With pictures omitted, copy exactly every line from the one that contains "любое удобное время;" to the end of the listing below.

DATA EXTRACT
------------------------------
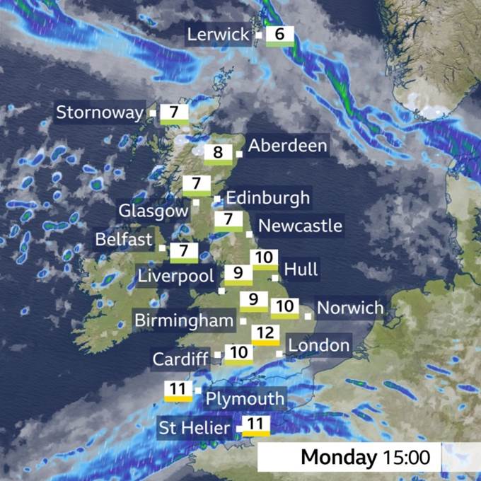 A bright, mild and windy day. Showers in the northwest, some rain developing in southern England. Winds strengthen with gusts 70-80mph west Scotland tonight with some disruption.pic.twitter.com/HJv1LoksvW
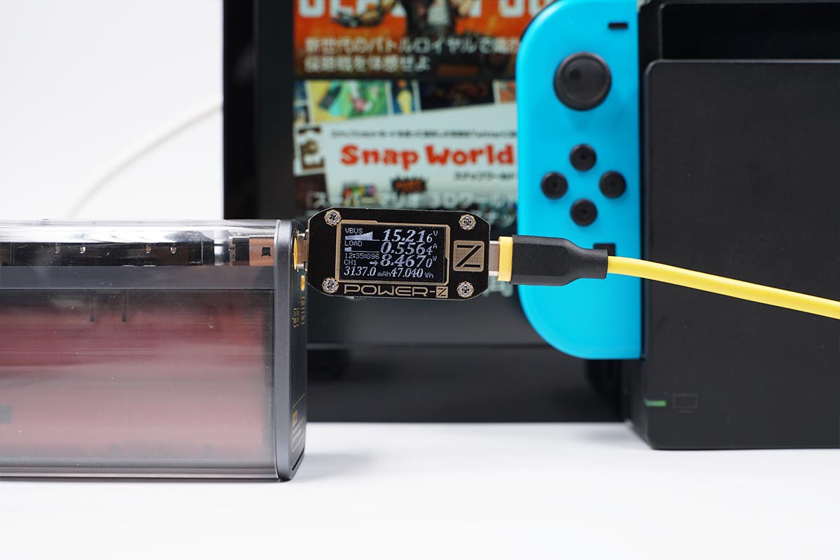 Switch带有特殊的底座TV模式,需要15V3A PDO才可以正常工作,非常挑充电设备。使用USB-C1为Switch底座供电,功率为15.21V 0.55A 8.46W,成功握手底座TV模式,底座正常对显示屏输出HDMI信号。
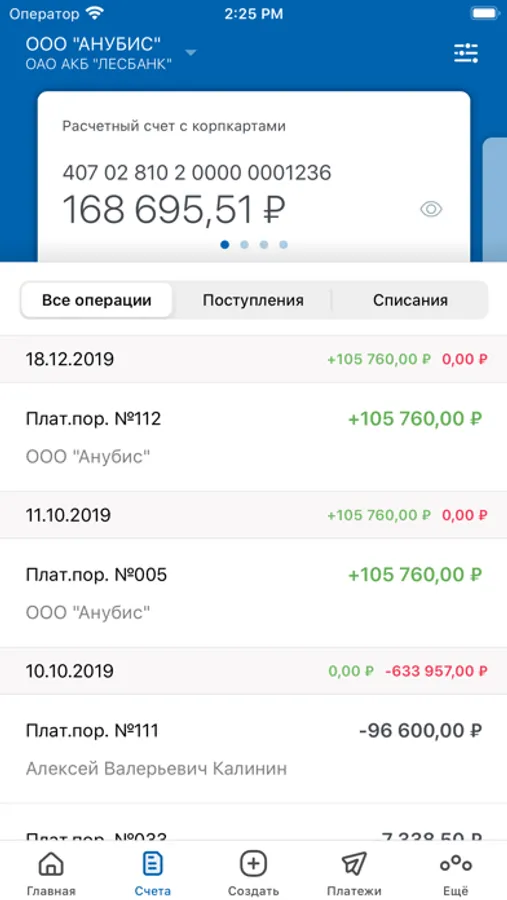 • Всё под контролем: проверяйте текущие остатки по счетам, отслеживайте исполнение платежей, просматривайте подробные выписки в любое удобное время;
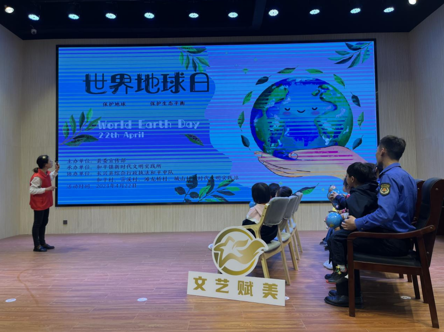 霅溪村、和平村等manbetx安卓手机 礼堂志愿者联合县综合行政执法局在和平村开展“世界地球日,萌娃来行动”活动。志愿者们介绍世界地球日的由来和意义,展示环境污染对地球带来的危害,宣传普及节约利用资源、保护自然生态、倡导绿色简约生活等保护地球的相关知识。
------------------------------
ANSWER FOR THE TASK
 • Всё под контролем: проверяйте текущие остатки по счетам, отслеживайте исполнение платежей, просматривайте подробные выписки в любое удобное время;
 霅溪村、和平村等manbetx安卓手机 礼堂志愿者联合县综合行政执法局在和平村开展“世界地球日,萌娃来行动”活动。志愿者们介绍世界地球日的由来和意义,展示环境污染对地球带来的危害,宣传普及节约利用资源、保护自然生态、倡导绿色简约生活等保护地球的相关知识。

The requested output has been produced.